Principal of Hughes Hall, Cambridge
- In office 1908–1933
- Preceded by: Helena Powell
- Succeeded by: Henriette Dent

Personal details
- Born: 1868 Holloway
- Died: 1933 (aged 64–65) Regent's Park
- Alma mater: Girton College, Cambridge

= Mary Hay Wood =

English college head (1868–1933)

Mary Hay Wood (1868–1933) was an English educator and teacher trainer who was post-war head of Hughes Hall, Cambridge.

== Early life and education ==
Wood was born 17 April 1868 in Holloway, London, the fifth daughter of barrister Arthur Wood and his wife Elizabeth, née Nicolson.

Educated at North London Collegiate School, she won a scholarship to Girton College, Cambridge in 1886, where she studied classics.
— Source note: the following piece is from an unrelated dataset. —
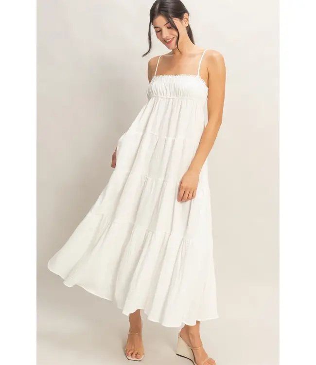 The Lovely Girl Maxi Dress is an easy, breezy staple with a soft, feminine feel. Featuring a smocked bodice and flowy tiered skirt, it’s designed for comfort while still looking effortlessly put together. Perfect for warm days, beach outings, or casual summer plans.
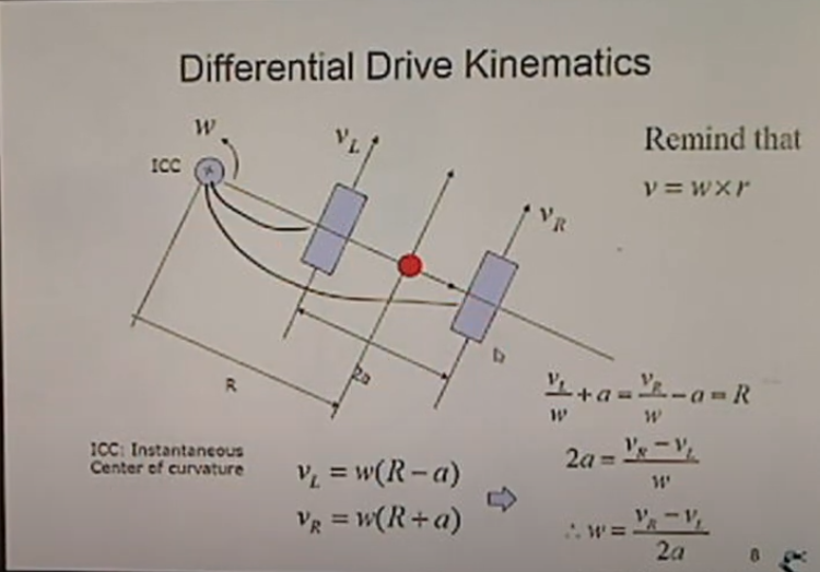 2) v_L = -v_R이면 왼쪽바퀴는 앞으로 오른쪽바퀴는 뒤로 가는 사례. v=0(제자리 회전)

She was one of the ‘steamboat ladies’ who travelled to Ireland by steamboat to receive her DLitt in 1907 while Cambridge did not award degrees to women. Her MA thesis, published in The Journal of Philosophy, Psychology and Scientific Methods that year, was 'Plato’s Psychology and its Bearing on the Development of the Will'.

== Career ==
Between 1890 and 1908 she taught classics at Blair Lodge School for Boys, North London Collegiate School and the Clergy Orphans’ School in St John’s Wood. In 1904, she became lecturer in pedagogy at St Mary’s College, Paddington, where she became head of the training department and vice-principal.

In 1908 she was appointed principal of the Cambridge Training College for Women, later Hughes Hall. She saw the college through WWI and the flu epidemic, noting afterwards that demand for education was only continuing to grow as people did not want to feel disadvantaged compared to their better-educated peers.

She retired in June 1933, donating her retirement gift back into the college loan fund, and died on 1 June 1934 at her home in Regent’s Park, London.